The world must urgently ensure equitable access to Covid-19 vaccine doses. We must also make certain that national health systems, particularly in resource-poor countries, are supported to deliver them. However, just 14% of development aid globally in 2019 went to this kind of health systems strengthening, according to a 2020 report by the research centre, Institute for Health Metrics and Evaluation.
Lesson 3: Countering secrecy and fear, a fight against misinformation
But HIV also revealed that disease thrives in secrecy that is fuelled by fear, misinformation and stigma. Working with local communities is the most critical factor in combatting this and messages that work in one place may not succeed in another.
Evidence-based communication is needed to ensure that myths and misconceptions about Covid-19 vaccines do not fuel vaccine hesitancy and delay national roll-outs. Debunking these untruths must be done through channels that leverage existing and trusted community structures, such as local leaders.
New data from South Africa, for instance, shows encouragingly that 76% of people surveyed nationally said they would consider getting a Covid-19 vaccine if it was available. Among those who still did not fully accept vaccines, half said they would be convinced to use a vaccine if local community leaders did so first.
In our work, we’ve found the influence of community leaders equally valuable — and a powerful public health tool. In Nigeria, for instance, Egpaf partnered with churches and religious leaders to help pregnant women and their partners to get tested for HIV, and if they tested positive, could access treatment to prevent their babies from contracting HIV before, during or after birth.

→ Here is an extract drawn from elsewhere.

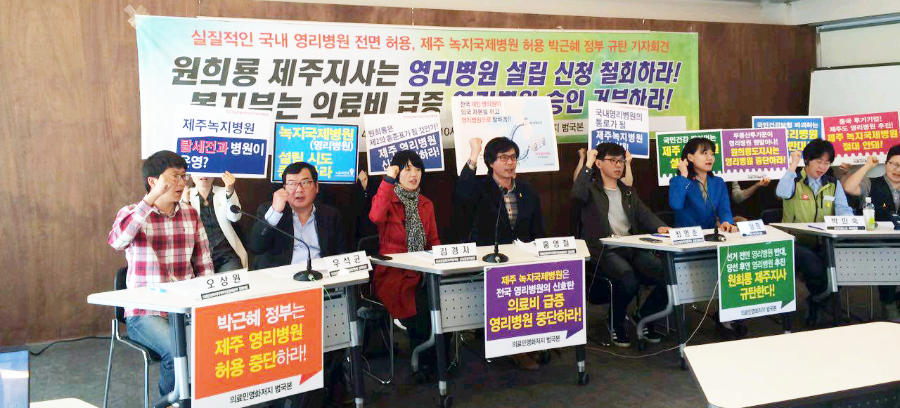 의료민영화저지범국민운동본부는 제주도민과 함께 국내 영리병원 1호를 설립하려는 제주 녹지병원 설립을 막아낼 것이다. 원희룡 제주도지사는 ‘제 2의 홍준표’ 라는 오명을 얻지 않으려면 지금 당장 제주 영리병원 설립 신청서를 철회하고 BK성형외과와 서울리거 병원의 관계와 녹지병원 실질 운영 주체에 대한 모든 사실을 낱낱이 밝히고 해명해야 한다. (끝)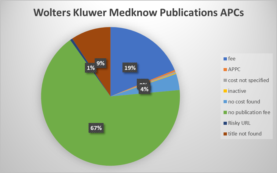 Avasthi & Morrison (2019) explore one of these publishers, Medknow, in more depth, and ask whether this approach is the best for India, the original home of the publisher before acquisition by Wolters Kluwer. It appears that the reason most Medknow journals do not have publication charges is because of numerous partnerships between Wolters Kluwer and scholarly societies and universities. Medknow has expanded beyond India, and has grown quite a bit in both 2018 and 2019. The number of “title not found” and a couple of “risky URL” (a code for when the URL on the publisher’s website leads to a website that is clearly not a journal and gives the appearance of a possible scam) raises some questions about whether the quality of service these journals receive are what they expect and deserve through a partnership with one of the world’s oldest EU-based commercial scholarly publishers.

And in Uganda, we drew on the knowledge of our trained expert HIV patients to follow up on patients who were unable to collect medication during the country’s Covid-19 lockdown. Expert patients are people with HIV who have been trained to counsel, educate, and provide peer psychosocial support to other HIV-positive people and link them to care. One solution such patients came up with was for counsellors to group antiretroviral drug refill dates so that clients could pick up their medication for several months at one time. For clients who couldn’t access clinics, health workers arrange to have their drugs delivered in the community.
Lesson 4: Know your epidemic and address data gaps
Although women and children were not initially included in Covid-19 clinical trials, this pandemic has learned from HIV — and years of advocacy on this — to correct the situation quickly.
For some Covid vaccines, such as those from Pfizer and Moderna, early data is now, for instance, available to show the jabs are safe for use in pregnant women. Pfizer and Moderna have also been clinically tested, or are in the process of being tested, on adolescents and younger children in the US.
This move is underpinned by an important recognition: As a society, we protect women and their children by including them in research to develop medicines and vaccines that work for them — not by excluding them from studies.
Fundamentally, HIV has taught us that we must know our epidemics — and who they affect and how — in order to fight them effectively.
But gaps remain.
Strong data, for instance, on how widely and severely Covid-19 affects children and adolescents — particularly in Africa — is lacking, as colleagues showed in February research published in the journal of Clinical Infectious Diseases. Generally, data on outcomes of childhood Covid-19 and Covid-19 in pregnancy have not been regularly reported by countries — many of which have struggled with standardising data and reporting.
Today, there are promising signals that the international community has begun to appreciate not just the moral imperative of rolling out life-saving vaccines in places like Africa but also the real risk that inaction will prolong the impact of the pandemic everywhere.
Still, it bears remembering that it took transforming the fight to end Aids into a global cause with significant amounts of political support and resources to get meaningful and sustainable progress to take hold.